[The Memoirs of General Philip H. Sheridan Vol. I. Part 2 by P. H. Sheridan]@TWC D-Link bookThe Memoirs of General Philip H. Sheridan Vol. I. Part 2 CHAPTER XV 18/21
Indeed, his crippled condition began to show itself the preceding evening, and I have always thought that, had General Thomas held on and attacked the Confederate right and rear from where I made the junction with him on the Lafayette road, the field of Chickamauga would have been relinquished to us; but it was fated to be otherwise. Rosecrans, McCook, and Crittenden passed out of the battle when they went back to Chattanooga, and their absence was discouraging to all aware of it.
Doubtless this had much to do with Thomas's final withdrawal, thus leaving the field to the enemy, though at an immense cost in killed and wounded.
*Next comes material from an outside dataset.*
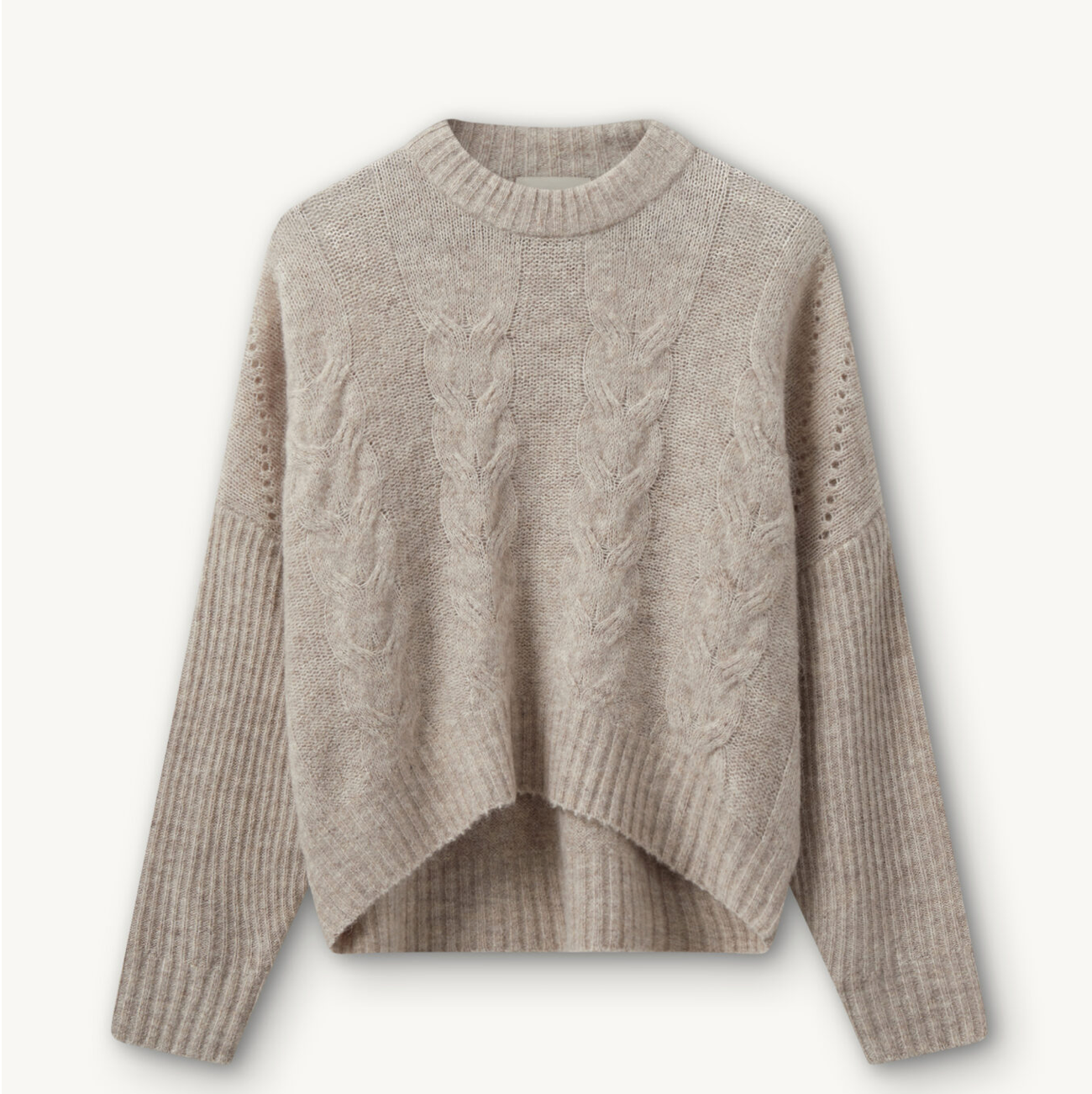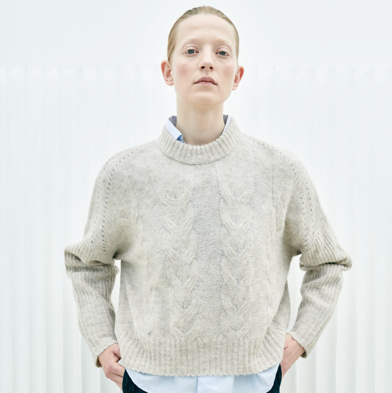 The Verbier Boxy Cable Sweater its combination of soft alpaca wool with cable artwork. The attention to detail creates a garment that is not only warm and comfortable but also a stylish statement piece that can elevate your winter wardrobe.

The night of the 21st the army moved back from Rossville, and my division, as the rearguard of the Twentieth Corps, got within our lines at Chattanooga about 8 o'clock the morning of the 22d.
Our unmolested retirement from Rossville lent additional force to the belief that the enemy had been badly injured, and further impressed me with the conviction that we might have held on.
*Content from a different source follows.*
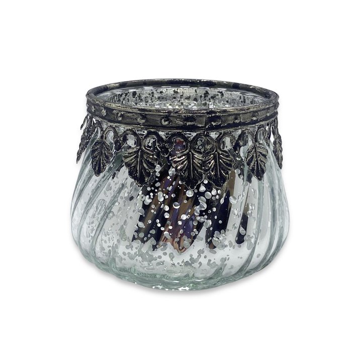 Castiçal Porta Velas Medieval em Vidro Vintage Prata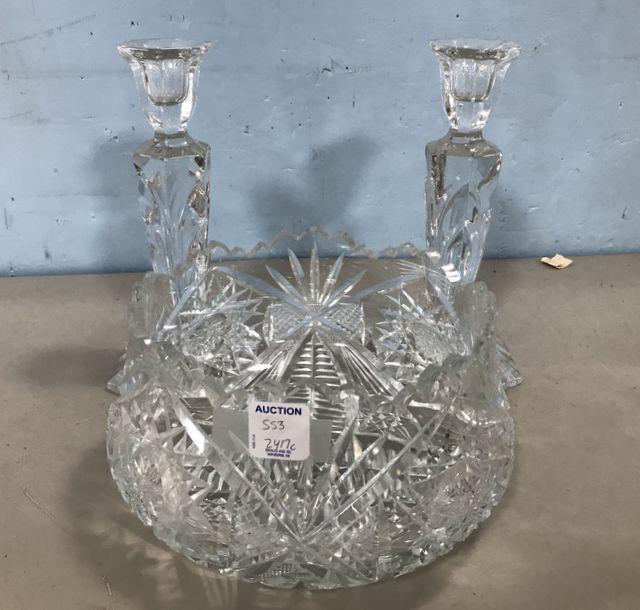 Cut Glass Bowl 5"h., 7"dia., and Pressed Glass Candle Holders 9"h Cut Glass Bowl 5"h., 7"dia., and Pressed Glass Candle Holders 9"h

Indeed, the battle of Chickamauga was somewhat like that of Stone River, victory resting with the side that had the grit to defer longest its relinquishment of the field. The manoeuvres by which Rosecrans had carried his army over the Cumberland Mountains, crossed the Tennessee River, and possessed himself of Chattanooga, merit the highest commendation up to the abandonment of this town by Bragg on the 8th of September; but I have always fancied that that evacuation made Rosecrans over-confident, and led him to think that he could force Bragg south as far as Rome. After the Union army passed the river and Chattanooga fell into our hands; we still kept pressing the enemy's communications, and the configuration of the country necessitated more or less isolation of the different corps.